It was there that I met my godson, after a long time.
His enthusiasm struck first. Bright. Sharp. Almost reckless. His curiosity followed soon after, probing and unrelenting, and in it I saw ghosts of myself and of my brother, reflected like fragments in shattered glass. For one hour, perhaps less, I felt something dangerously close to happiness.
The next hour, his tongue exasperated me beyond measure. Too clever. Too bold. Too willing to say aloud the thoughts others carefully buried.

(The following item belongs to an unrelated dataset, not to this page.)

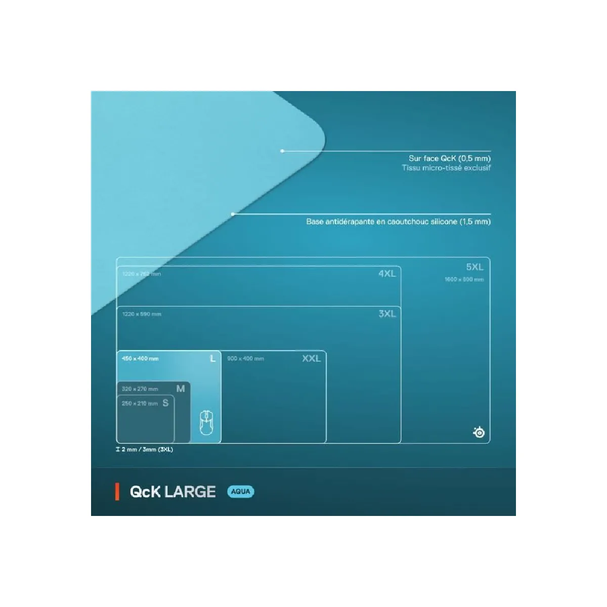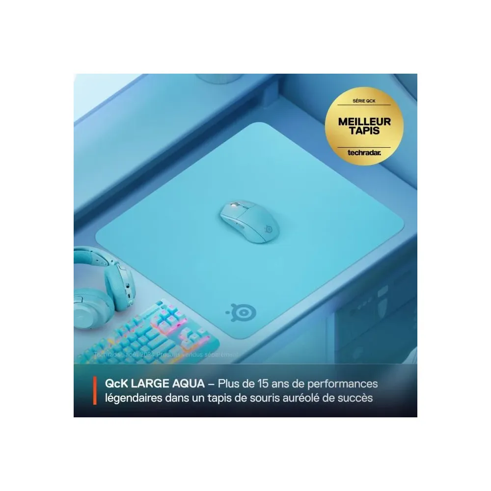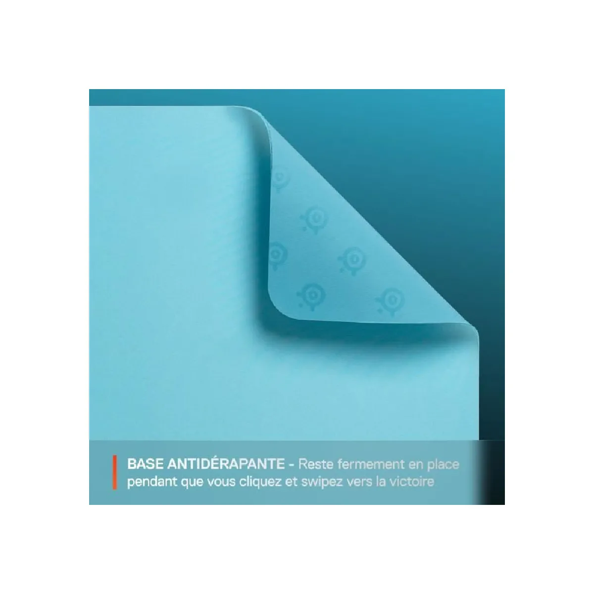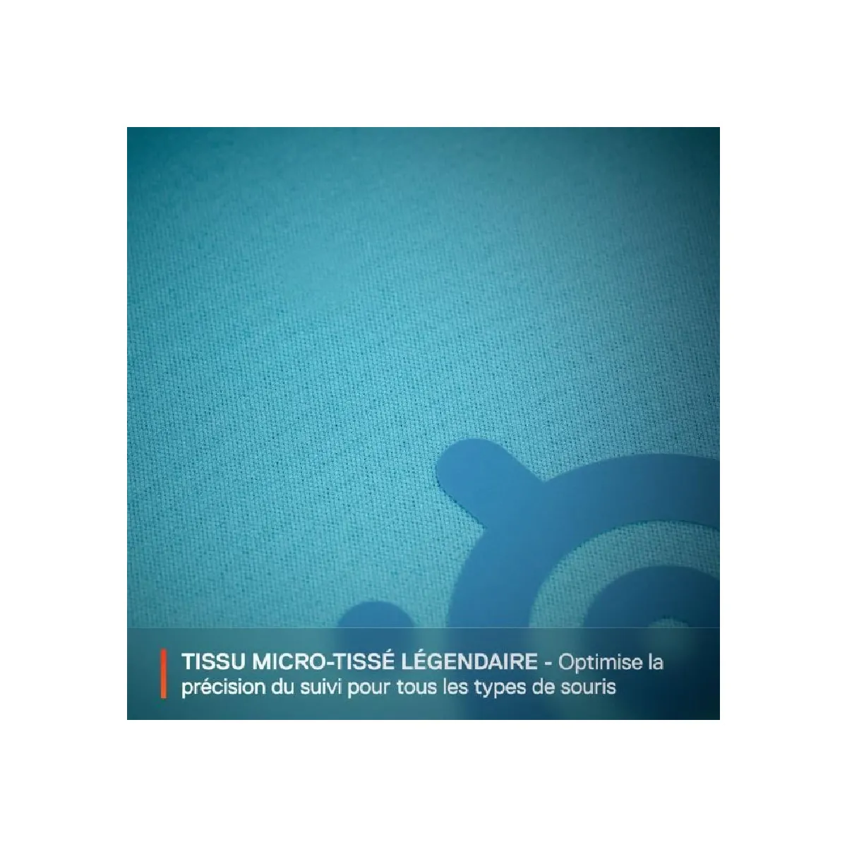 L'absence de RGB privilégie un poste de jeu simple et lisible, sans câbles ni réglages supplémentaires. La teinte cyan s'intègre dans des environnements sobres ou colorés, tout en restant uniforme. Le format QcK L offre l'amplitude nécessaire pour alterner précision et balayages rapides, avec une zone de contrôle suffisamment large pour ajuster la sensibilité sans déplacer le tapis.

By the end, I was uncertain.
Afraid.
My godson is a Seer.
Not the theatrical kind who dresses riddles in nonsense, but something far more unsettling. His revelations aligned too closely with my own private conclusions, with fears I had never dared to name. When he spoke, it was as though he had reached into my chest and drawn out thoughts I believed were mine alone.
And then he said it.
That I would commit suicide.
The words did not strike like a curse. There was no shock, no outrage, no denial. Only emptiness. A vast, hollow stillness that swallowed sound and thought alike.
Is that truly how I end?
Do I crumble beneath the weight of expectation, uncertainty, and decay? Do I break so quietly, so thoroughly, that death feels less like an act of despair and more like a release?
I had faced Dark Lords and sworn oaths in blood. I had branded myself for a cause I no longer believed in. Yet nothing frightened me as much as that single possibility.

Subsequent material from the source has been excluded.